Background The optimal treatment for medically refractory non-acute intracranial artery occlusion is uncertain, and endovascular recanalization remains a technical challenge. Here, a multicenter clinical experience of dual-roadmap guidance for endovascular recanalization of non-acute intracranial artery occlusion is reported, focusing on the technical feasibility and safety.
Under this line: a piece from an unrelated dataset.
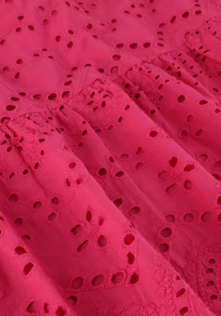 Met de NV-DONNA DRESS BRODERIE ANGLAISE DRESS van NOTRE-V ben jij helemaal klaar voor de zomer! Deze roze mini jurk is gemaakt van katoen en heeft een prachtig broderie print. De V-hals en de pofmouw maakt dit model helemaal af! Draag deze jurk tijdens een gezellige picknick in het park of een dagje shoppen met vriendinnen. Combineer de jurk met een paar trendy sandalen en een leuke hoed voor een complete zomerse look. Deze jurk past perfect bij een casual outfit, maar kan ook gecombineerd worden met cowboylaarzen voor een stoerdere uitstraling. Met dit item straal jij altijd stijl en vrouwelijkheid uit!

Methods From January 2014 to December 2019, 52 consecutive patients with medically refractory atherosclerotic non-acute intracranial artery occlusion who underwent endovascular recanalization under dual-roadmap guidance in three large regional referral stroke centers were analyzed retrospectively. Four types of dual-roadmap technical schemes were applied during endovascular recanalization. The rates of technical success, periprocedural complications, any stroke or death within 30 days, and follow-up results were evaluated.
Results The technical success rate was 92.3% (48/52). The perioperative complication rate was 7.7% (4/52), and the rate of any stroke or death within 30 days was 3.8% (2/52). Asymptomatic dissection occurred in two patients, acute in-stent thrombosis followed by postoperative mild stroke (National Institutes of Health Stroke Scale (NIHSS) 3) in one patient, and death due to reperfusion hemorrhage after successful recanalization in one patient. The rate of stroke or death beyond 30 days was 6.5% (3/46). The median clinical follow-up period was 19 months, and the median imaging follow-up period was 12 months. The restenosis rate was 13.2% (5/38).
Conclusions Endovascular recanalization of non-acute intracranial occlusions can be performed with a high rate of technical success and few complications with assistance of the dual-roadmap technique for navigation. Four types of dual-roadmap schemes provide technical references.
Data availability statement
Data are available upon reasonable request. All data relevant to the study are included in the article or uploaded as supplementary information. Our corresponding author takes full responsibility for the data.